TSUNAMI, LA GRAN PESADILLA

 

 

Se trata sobre un evento catastrófico que afectó la costa de Nicaragua el 1 de Septiembre de 1992.

Un tsunami, o maremoto, provocado por un fuerte terremoto de 7.2 (7.7 Mw) en la costa de Masachapa y Pochomil de Nicargua dejó un saldo de 170 muertos.

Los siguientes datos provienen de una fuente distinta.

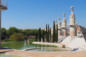 Wir steigen also in den nächsten freien Bus, bekommen auch einen Platz auf dem Oberdeck und fahren zunächst bis zur Station „Estacio de Sants“ wo wir uns den Parc de l´Espanya Industrial mit den interessanten Türmen anschauen:

Este evento fue profetizado por Juan Carlos Berríos mientras vivía en la ciudad de Salt Lake City, Utah, Estados Unidos. En aquel entonces el Internet apenas empezaba a crecer en el sector publico cuando su inventor dio acceso a ella el 6 Agosto de 1991. Juan Carlos Berríos, igual a la mayoría de personas en el mundo, no tenía acceso a una computadora y mucho menos al Internet. La profecía fue dicha a varias personas en Salt Lake City sobre “un desastre en Nicaragua”. También, Berríos agregó que ese desastre iba acompañado de “una inundación en la costa y la gente va a morir”.

 

 

Esta profecía es una de varias revelaciones para Nicaragua que Juan Carlos Berríos ha proveído al publico y ahora lo hace a través de ultimatrompeta.com.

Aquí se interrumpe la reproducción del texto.